**ASSIGNMENT:** No pictures are to be included when the entries below are reproduced exactly.
(Beginning of DATA FOR REVIEW)
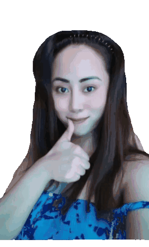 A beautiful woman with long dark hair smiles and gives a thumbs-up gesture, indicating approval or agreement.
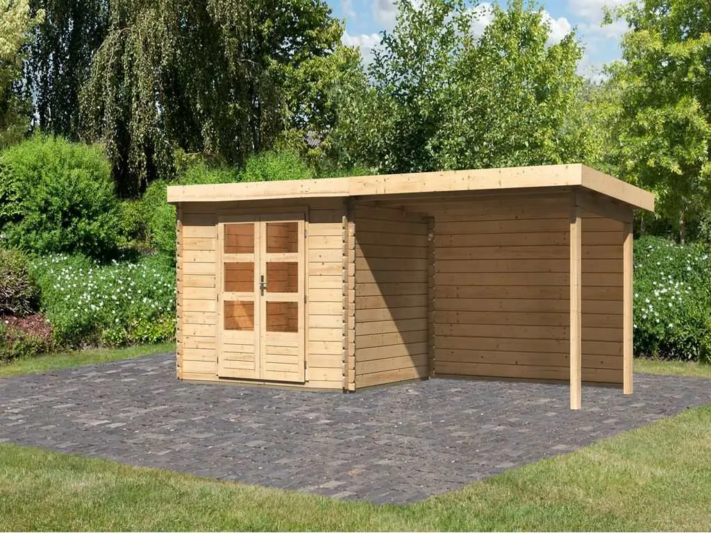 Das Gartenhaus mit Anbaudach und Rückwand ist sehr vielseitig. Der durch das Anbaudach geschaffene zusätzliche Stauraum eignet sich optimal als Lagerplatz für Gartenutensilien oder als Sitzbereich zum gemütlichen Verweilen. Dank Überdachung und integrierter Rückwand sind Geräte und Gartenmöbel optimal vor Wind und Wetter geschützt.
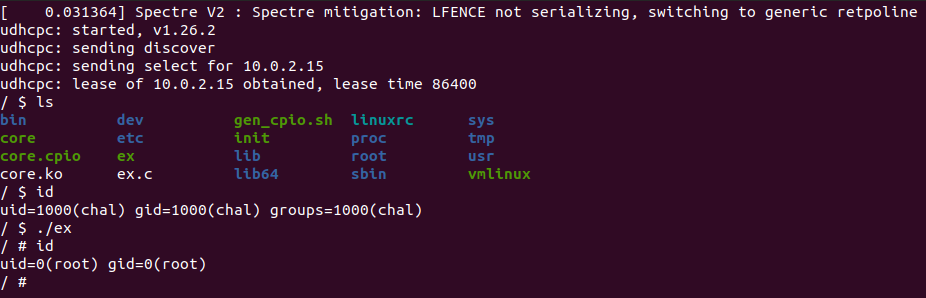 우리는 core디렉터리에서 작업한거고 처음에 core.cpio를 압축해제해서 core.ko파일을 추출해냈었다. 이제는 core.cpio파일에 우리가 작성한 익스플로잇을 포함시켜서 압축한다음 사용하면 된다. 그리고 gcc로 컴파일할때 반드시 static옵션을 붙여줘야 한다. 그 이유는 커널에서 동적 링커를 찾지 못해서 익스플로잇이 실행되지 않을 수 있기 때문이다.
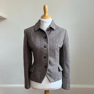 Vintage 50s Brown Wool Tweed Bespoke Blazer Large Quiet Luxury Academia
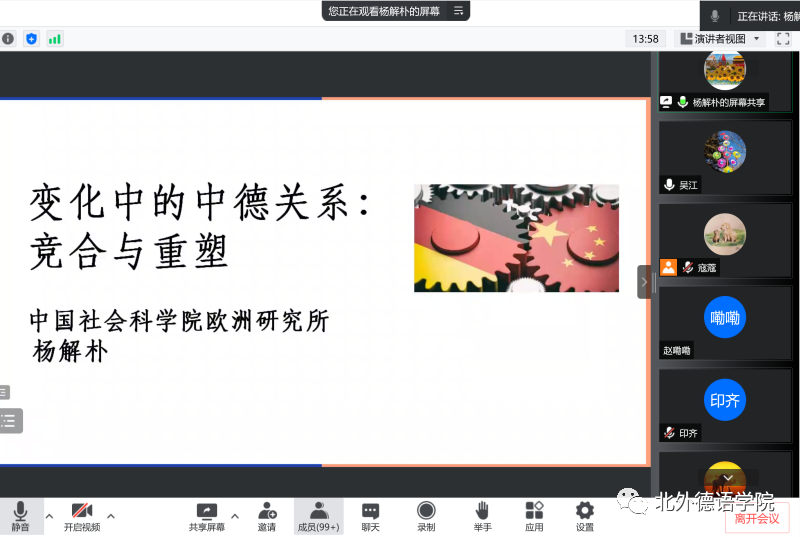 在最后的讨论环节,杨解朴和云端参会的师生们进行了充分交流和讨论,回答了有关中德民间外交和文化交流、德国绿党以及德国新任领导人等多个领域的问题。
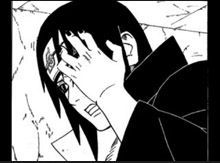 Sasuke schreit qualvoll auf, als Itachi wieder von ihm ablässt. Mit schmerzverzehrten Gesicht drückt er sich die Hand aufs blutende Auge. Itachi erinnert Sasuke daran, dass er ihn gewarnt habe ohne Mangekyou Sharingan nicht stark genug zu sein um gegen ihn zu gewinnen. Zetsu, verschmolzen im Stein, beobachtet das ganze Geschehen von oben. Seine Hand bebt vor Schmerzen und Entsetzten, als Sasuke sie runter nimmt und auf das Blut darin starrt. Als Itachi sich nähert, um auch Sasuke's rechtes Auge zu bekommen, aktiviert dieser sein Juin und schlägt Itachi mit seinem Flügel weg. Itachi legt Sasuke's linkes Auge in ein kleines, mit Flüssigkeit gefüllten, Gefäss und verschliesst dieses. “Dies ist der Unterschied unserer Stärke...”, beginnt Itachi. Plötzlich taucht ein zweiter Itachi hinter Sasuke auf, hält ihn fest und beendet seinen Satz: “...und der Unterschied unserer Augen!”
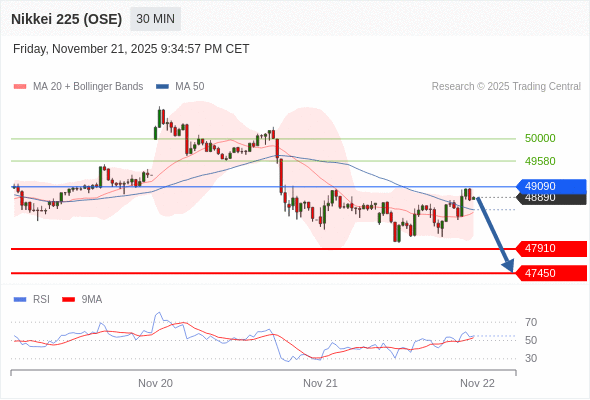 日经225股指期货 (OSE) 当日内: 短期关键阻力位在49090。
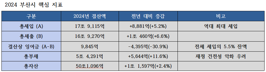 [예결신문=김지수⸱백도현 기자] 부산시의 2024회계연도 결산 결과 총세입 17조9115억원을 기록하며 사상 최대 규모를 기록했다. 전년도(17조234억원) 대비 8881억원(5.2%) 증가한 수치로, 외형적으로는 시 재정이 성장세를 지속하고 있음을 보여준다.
(End of DATA FOR REVIEW)
**RESULT:**
 A beautiful woman with long dark hair smiles and gives a thumbs-up gesture, indicating approval or agreement.
 Das Gartenhaus mit Anbaudach und Rückwand ist sehr vielseitig. Der durch das Anbaudach geschaffene zusätzliche Stauraum eignet sich optimal als Lagerplatz für Gartenutensilien oder als Sitzbereich zum gemütlichen Verweilen. Dank Überdachung und integrierter Rückwand sind Geräte und Gartenmöbel optimal vor Wind und Wetter geschützt.
 우리는 core디렉터리에서 작업한거고 처음에 core.cpio를 압축해제해서 core.ko파일을 추출해냈었다. 이제는 core.cpio파일에 우리가 작성한 익스플로잇을 포함시켜서 압축한다음 사용하면 된다. 그리고 gcc로 컴파일할때 반드시 static옵션을 붙여줘야 한다. 그 이유는 커널에서 동적 링커를 찾지 못해서 익스플로잇이 실행되지 않을 수 있기 때문이다.
 Vintage 50s Brown Wool Tweed Bespoke Blazer Large Quiet Luxury Academia
 在最后的讨论环节,杨解朴和云端参会的师生们进行了充分交流和讨论,回答了有关中德民间外交和文化交流、德国绿党以及德国新任领导人等多个领域的问题。
 Sasuke schreit qualvoll auf, als Itachi wieder von ihm ablässt. Mit schmerzverzehrten Gesicht drückt er sich die Hand aufs blutende Auge. Itachi erinnert Sasuke daran, dass er ihn gewarnt habe ohne Mangekyou Sharingan nicht stark genug zu sein um gegen ihn zu gewinnen. Zetsu, verschmolzen im Stein, beobachtet das ganze Geschehen von oben. Seine Hand bebt vor Schmerzen und Entsetzten, als Sasuke sie runter nimmt und auf das Blut darin starrt. Als Itachi sich nähert, um auch Sasuke's rechtes Auge zu bekommen, aktiviert dieser sein Juin und schlägt Itachi mit seinem Flügel weg. Itachi legt Sasuke's linkes Auge in ein kleines, mit Flüssigkeit gefüllten, Gefäss und verschliesst dieses. “Dies ist der Unterschied unserer Stärke...”, beginnt Itachi. Plötzlich taucht ein zweiter Itachi hinter Sasuke auf, hält ihn fest und beendet seinen Satz: “...und der Unterschied unserer Augen!”
 日经225股指期货 (OSE) 当日内: 短期关键阻力位在49090。
 [예결신문=김지수⸱백도현 기자] 부산시의 2024회계연도 결산 결과 총세입 17조9115억원을 기록하며 사상 최대 규모를 기록했다. 전년도(17조234억원) 대비 8881억원(5.2%) 증가한 수치로, 외형적으로는 시 재정이 성장세를 지속하고 있음을 보여준다.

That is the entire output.